» Data section:
= Beginning of Section =
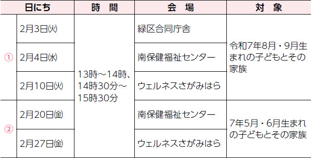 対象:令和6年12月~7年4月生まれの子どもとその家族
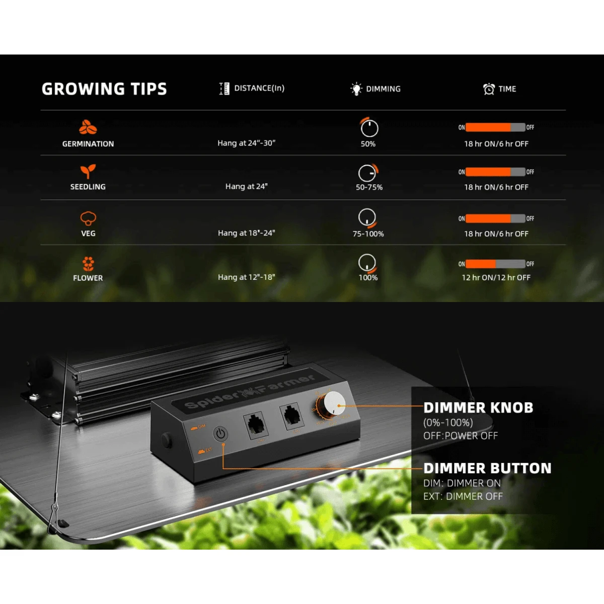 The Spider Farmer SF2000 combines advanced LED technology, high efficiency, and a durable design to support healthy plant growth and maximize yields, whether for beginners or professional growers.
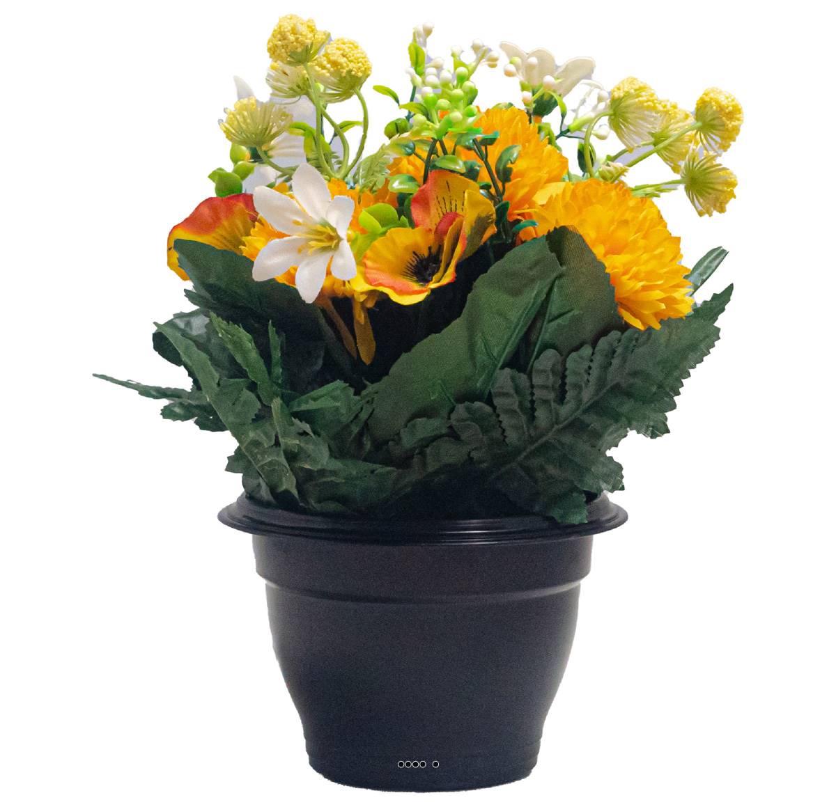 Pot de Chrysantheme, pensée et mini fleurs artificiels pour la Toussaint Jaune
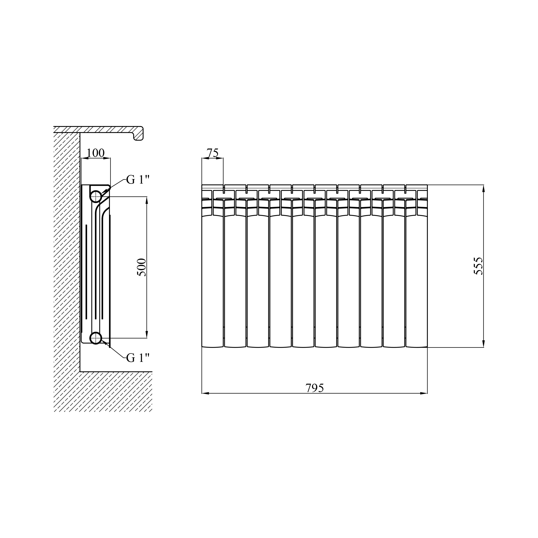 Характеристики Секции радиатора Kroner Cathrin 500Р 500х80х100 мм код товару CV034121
= End of Section =
» Exercise prompt: What belongs in the answer is each line above, reproduced exactly, and no picture.

» Result of the exercise:
 対象:令和6年12月~7年4月生まれの子どもとその家族
 The Spider Farmer SF2000 combines advanced LED technology, high efficiency, and a durable design to support healthy plant growth and maximize yields, whether for beginners or professional growers.
 Pot de Chrysantheme, pensée et mini fleurs artificiels pour la Toussaint Jaune
 Характеристики Секции радиатора Kroner Cathrin 500Р 500х80х100 мм код товару CV034121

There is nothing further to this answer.